How to generate a vector that orthogonal to other vectors?

As AVK also mentioned in the comments, v_new = [0 1 0 0 1] is not orthogonal to all rows of A.

Explanation:-

A=[1 0 0 1 0; 
   0 1 1 0 0; 
   0 0 1 1 0; 
   1 1 1 0 0]

For A(1,:).*v = 0 to A(4,:).*v = 0,

0 x x 0 x        % elements of v so that it's orthagonal to the 1st row of A
x 0 0 x x        % -------------------------------------------- 2nd row of A
x x 0 0 x        % -------------------------------------------- 3rd row of A
0 0 0 x x        % -------------------------------------------- 4th row of A

where 0 represents the terms which have to be 0 and x represents the terms which can be either 0 or 1.
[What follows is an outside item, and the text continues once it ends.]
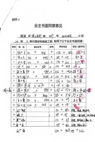 近日,铜梁区东城街道塔山东街*号(世纪阳光)*栋*单元共计16户业主,其中胡*春等11户业主向重庆市铜梁区人民政府东城街道办事处提出申请,增设电梯。现将铜梁区东城街道塔山东街*号(世纪阳光)*栋*单元增设电梯项目的相关情况公示如下:
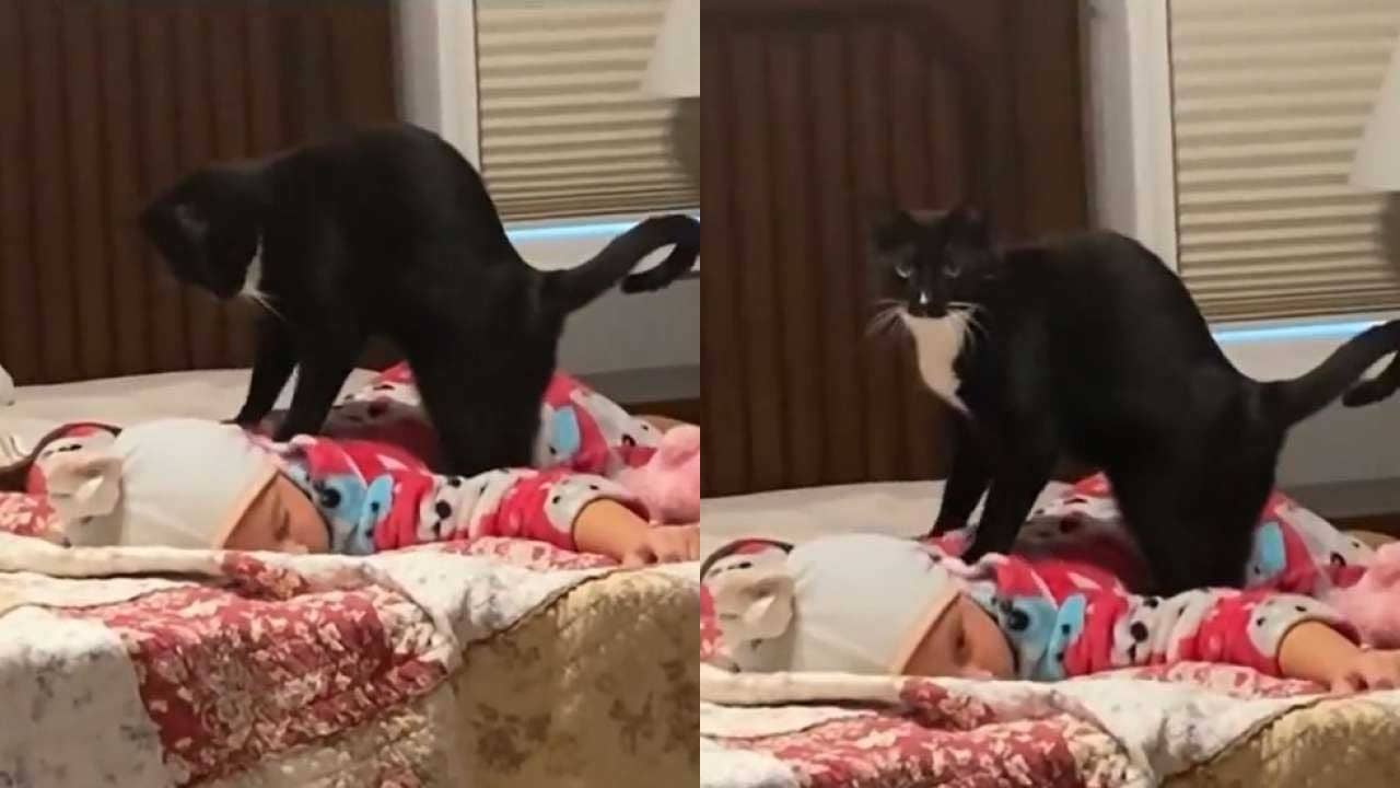একরত্তির পিঠে ম্যাসাজ করে দিচ্ছে বিড়াল, দেখুন সেই ভিডিয়ো

If you look as a whole, first 4 columns of v have to be zero so that the output is orthagonal to all rows of A. The 5th column can either be zero or 1.

So, v_new can either be: v_new = [0 0 0 0 1] or v_new = [0 0 0 0 0]

From above explanation, you can also see that [0 1 0 0 1] is not orthagonal to 2nd and 4th row of A

Solution:-

To find v_new, you can use null function as: v_new = null(A).'
which gives: v_new = [0 0 0 0 1] for which gfrank([A;v_new]) also gives 5.

Maybe this will help you see the orthogonality between two vectors in N dimension.

N=100;
B1 = ones(1,N);
B2 = -1*ones(1,N/2); 
B2 = [ones(1,N/2) B2];
B2 = transpose(B2);
B3 = dot(B1,B2);

The above code generates two vectors in N dimension. To check for orthogonality just transpose one of the vectors and multiply with the other one. You should get zero if they are Orthogonal.

The example I used makes sure that I get zero indeed.